The Renters (Reform) Bill was published amid much fanfare in May of this year. Will the Bill live up to its billing as the ‘biggest shake-up of the private rental sector for 30 years’ comprising ‘a once in a generation reform to deliver safer, fairer and higher quality homes’ forming part of the commitment to ‘bring in a better deal for renters’?
The Bill reflects a desire to protect private residential tenants against ‘rogue’ landlords perceived to be acting unreasonably or unfairly following a period where there has been much focus on the poor condition of some rental properties and the use of section 21 notices’ by unscrupulous landlords to end tenancies where a tenant complains about the condition of their property or rent increases.
The Bill is currently being debated in Parliament and could therefore be significantly revised before coming into force. On first sight, the proposals are, however, relatively wide ranging and would indeed trigger key reforms to the current rental system including those detailed below:
- The wholesale reform of the structure of residential tenancies. All new tenancies will be continuous periodic tenancies, rather than coming to an end on notice after a fixed period as is the current practice. Transitional provisions will also provide for existing tenancies to be migrated to the new structure.
- The abolition of the so called 'no fault' section 21 notice evictions, meaning it will no longer be possible for a landlord to evict a tenant at the end of a fixed term simply because it wants to do so. Eviction will only be possible if one of the statutory grounds can be proved.
- The introduction of more comprehensive statutory grounds for landlords to recover their property where tenants are at fault, but only exercisable in what is described as “reasonable circumstances”.

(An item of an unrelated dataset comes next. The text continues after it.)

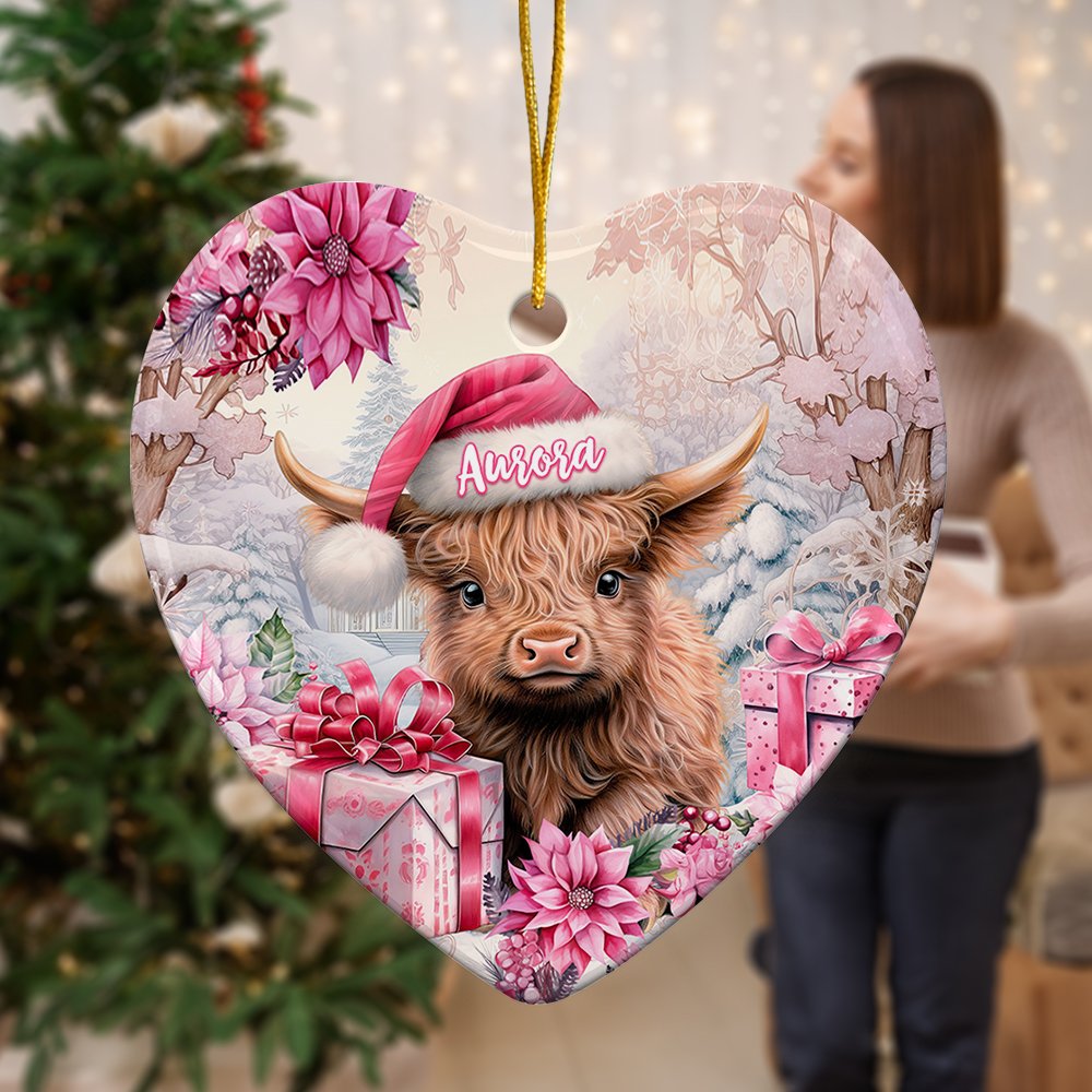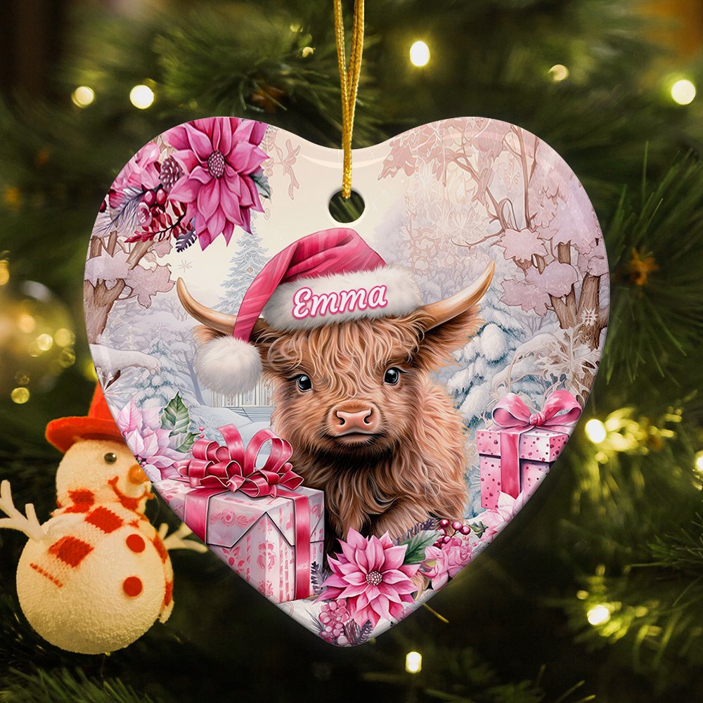 The heart shaped ceramic ornament features a cute and festive pink highland cow design, making it the perfect gift for friends and family during the Christmas season. The option to customize the cow's hat with a name adds a special touch, making this ornament unique to its owner.

- Rent reviews will be limited to annual reviews, triggered by a formal notice process with the tenant able to challenge any proposed increase via the First Tier Tribunal with conventional rent review clauses of the type we are used to in practice now being deemed ‘vague’ and ‘unconnected to the market’.
The reforms outlined above will perhaps impact most on the 'occasional' landlord perhaps wanting to let a family home whilst overseas, or other temporary relocation. For this group of landlords, the current section 21 regime allows the landlord that the certainty that it can terminate a tenancy at the end of the fixed term with minimal fuss or expense and return to their home or indeed choose to sell the property should they wish. Whilst this will be addressed in part by a new statutory ground allowing a landlord to evict a tenant if it can prove it intends to sell the property or allow a family member to move into the property, such a change may prove too risky for some landlords in this sector, who may opt to simply leave a property vacant rather than run the risk of having to take costly and potentially time consuming court proceedings to regain possession of a family home that has been let on a short-term basis.
Another important factor to consider is quite how the court system will deal with the likely increase in possession proceedings under the new statutory grounds once the section 21 notice procedure is no more. Without considerable investment in the current court system, this may mean that it will be slower and more expensive for landlords to evict problem tenants such as those with significant arrears or where there has been a significant breach of the tenancy. This may be addressed by proposals for the creation of a new Ombudsman scheme, tasked with providing cheaper and quicker dispute resolution together with a new online portal.
Reform is still some way off. It is anticipated that the earliest the proposals outlined in the new Bill could come into force is early 2024, subject to first being passed by Parliament. Quite how the changes will impact on existing tenancies, in particular those with a fixed term that will run beyond the likely implementation date in 2024, is currently unclear.